To an increasing extent digital signal devices are being used in transmission technology, in particular over radio relay links. For the additional transmission of information bits for service channel purposes and message purposes, such devices require a multiplexer-demultiplexer with a so-called super-frame structure.
The publication "Multiplexers for 8.448 Mbit/s in Positive-Negative Stuffing Technology" by U. Assmus and others (see communication from the Research Institute of the FTZ of the German Post Office in Darmstadt, published in "Nachrichtentechnische Fachbertichte" 42 (1972), pp. 245-256) states the following. The combination of a plurality of PCM basic systems to form a system of the second order for the more efficient transmission of digital signals over long distances will form an effective preliminary stage of a digital network and can be constructed using multiplexers without transmission losses. As a synchronous digital network cannot be expected to exist in the near future, asynchronous multiplexers should be of significance for a long transition period.
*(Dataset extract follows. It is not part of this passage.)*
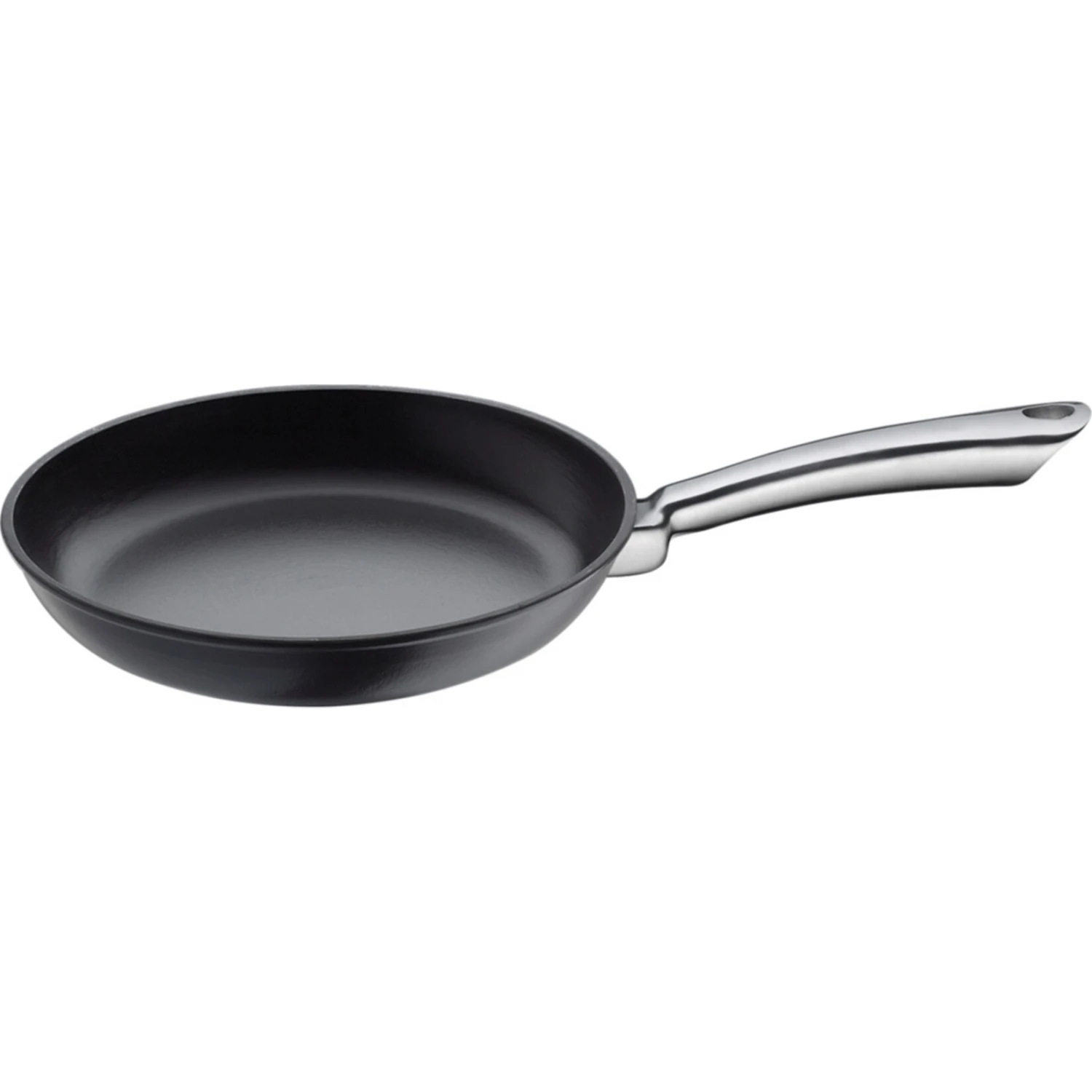 Die Pfanne ist perfekt um Gemüse oder Fleisch zu schmoren, köcheln, braten und sogar frittieren. Das Gusseisen nimmt die Wärme schnell auf und gibt Sie optimal verteilt weiter. Der Edelstahl-Griff ist hitzebeständig bis 250°C, also auch für den Backofen geeignet. Die Pfanne gibt es in verschiedenen Größen.

Amongst asynchronous multiplexers, the multiplexer featuring "positive-negative" stuffing technology appears to have special significance. In the receiving section of the multiplexer-demultiplexer system, synchronism between transmitter and receiver is established in a synchronizing device. For this purpose a periodically recurring synchronizing word is transmitted in the bit flow in the generally conventional manner. The synchronizing word provides the bit flow with a frame structure, where the start of each frame is marked by the synchronizing word.
As stated in the description of the Siemens Digital signal multiplex device DSMX8/34, a frame codeword consisting of 10 bits is used at the start of the pulse frame. In the frame synchronizing circuit a shift register is shifted relative to the bit flow until, via a logic-link, the frame codeword is recognized at the outputs of the shift register.